Despite seeing a doctor regularly for diabetes, Kaplan, now 44, said his doctor never offered him an HIV test and made assumptions about his sexual orientation.
"I would say, 'I don't date girls,' and hoped he might simply have a clue, but (he) never seemed to allow for the fact I could be gay," Kaplan said.
He said doctors need to create "an open and accepting environment that talks about sexuality as human nature."
"The reality is, today, the majority of HIV infections are among men who have sex with men," Kaplan said. "Without a doubt, we need broader screening efforts, but I think overall we need broader talk about sexuality in the United States."
If doctors aren't asking about sexuality and sexual activity, he said, then they miss the opportunity to recommend routine testing to young gay men.
The reasons that members of this community don't get tested vary, but there are common threads that touch youth across all demographics, especially questions about what love and sex means after a positive HIV diagnosis.
"What is sex going to look like? ... What is life going to look like? Am I going to die?" These are some of the questions Diggs hears often from those he counsels.
The fear of stigma and isolation is great enough that it "will stop people from wanting to know their status," he said, "but it won't stop the sexual behavior that's happening."
For gay, bisexual and transgendered youth, he said, the fear of isolation can be intensified for those with strong religious backgrounds. They may feel their faith or community will abandon them because of their sexual identity. Diggs said he has seen this lead to risky behavior, and he urges parents to be involved early in an open dialogue about safe sex.
This includes recognizing that a message of abstinence doesn't always work with teens and young adults, he said, and recognizing that the conversation should be focused on sexual health, not just avoiding pregnancy. For a gay teen, he said, preventing pregnancy doesn't translate to safer sex.
Diggs suggests moving sex and sexual health out of the shadows by making testing a regular family event and using that time as an opportunity to talk about the family's belief system around partnering, sex and marriage.
But being open about one's sexual health isn't always an easy thing -- a lesson Traylor has learned when she broaches the topic of dating. "When I get to the point and I ask someone, 'Would you date someone that's HIV positive?' A lot of people can't answer that question."
Learning when to disclose her status has become part of the learning curve for Traylor.

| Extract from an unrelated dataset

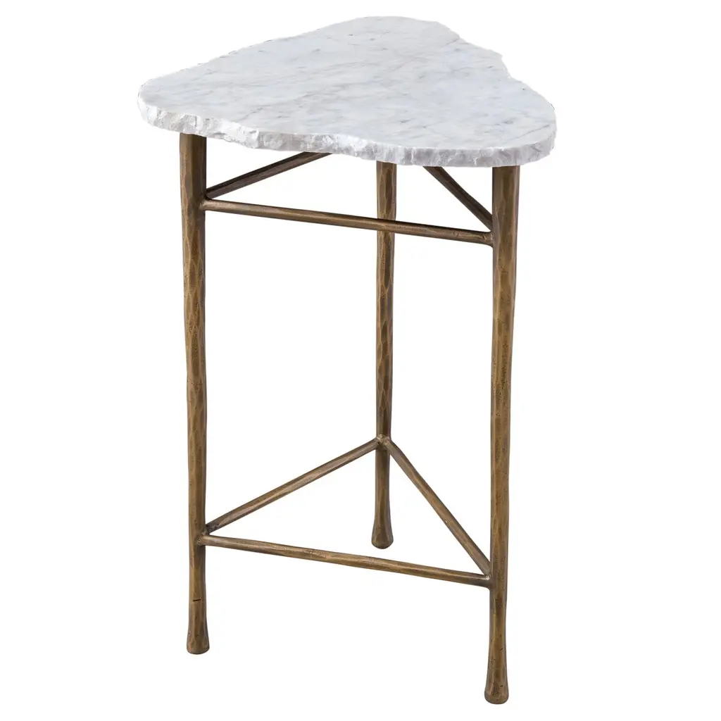 Bringing the best of the earth indoors, this accent table offers a magnificent veneered top with a tri-leg wrought iron base. The edges of the top feature an organic cut.
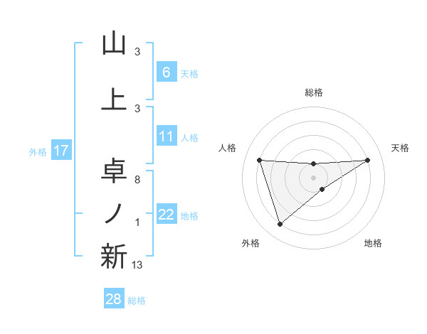 山上 卓ノ新さんの天格は6画の4点!

She said being upfront earlier about her status has made things better. People respect her honesty and it makes the conversation easier to have.
Other obstacles
For a teen, finding and getting to a testing facility can be a challenge all its own.
Ainka Gonzalez, prevention programs manager at AID Atlanta, said she has seen teens struggle to get tested simply because they can't get transportation to a testing facility. For a high school student, teens must find a location that operates outside of school hours if they don't want to involve their parents. And, if a teen tests positive for HIV, their parents may need to get involved anyway.
"Laws differ around the country, but usually if you do test positive for HIV and you're underaged, a parent would have to consent for treatment," Gonzalez said. "If a young person may be having other challenges at home, this of course will amplify it."
Kaplan thinks easier access to testing is crucial. "If kids got to a place where they were routinely offered screening ... they wouldn't struggle with 'Where can I get tested? Who do I talk to about it?' And a lot of the stigma would be eradicated," he said.
The next hurdle is paying for treatment. Teens who are too young to have their own health insurance and young adults up to age 25 who are on a parent's health insurance plan will likely need family support to pay for medication. Without insurance, they often need to contact the department of health -- an option Traylor, whose medication runs $3,000 a month, finds "terrifying."
"At one point, I was so afraid that I wasn't going to get health insurance anymore that I stopped taking my medicine," she said, and hoarded medication because she expected a month-long wait for a doctor's appointment through the department of health.